A December 18, 2006 Wall Street Journal piece notes that irradiation of food would help fight food-borne illness, quoting ACSH's Dr. Elizabeth Whelan and the author of ACSH's report on Irradiated Foods, Paisan Loaharanu:
The Centers for Disease Control concluded its investigation by noting: "An overwhelming body of scientific evidence demonstrates that irradiation does not harm the nutritional value of food, nor does it make the food unsafe to eat." According to Paisan Loaharanu, a former director at the Food and Agriculture Organization of the United Nations, "The safety of irradiated foods is well established through many toxicological studies...No other food technology has gone through more safety tests than food irradiation."

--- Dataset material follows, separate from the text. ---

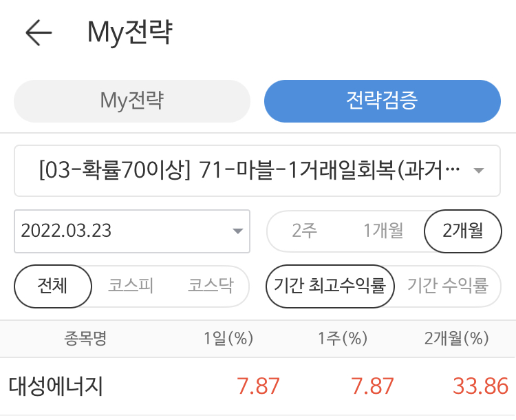 대성에너지는 71번 조건검색식으로 3월23일에 발견된 주식종목입니다. 아래는 실제로 제가 만들어놓은 조건검색식을 MTS(Mobile Trading System)에서 조회를 한 내역입니다. 2개월중 최고수익률이 30%이상 급등한 것을 볼 수가 있습니다.

The Food and Drug Administration bears some of the blame for bending to political pressure and slowing the spread of food irradiation. The food processing industry requested permission to apply irradiation to enhance the safety of produce in 1999, but seven years later the agency still hasn't approved this "food additive." The FDA does allow irradiation for meat, but it requires warning labels that send a message to consumers that eating such beef or chicken is risky. Elizabeth Whelan of the American Council on Science and Health points out that the FDA would be wiser to require that meats and produce that aren't irradiated have a safety warning label. Those are the potentially unsafe foods.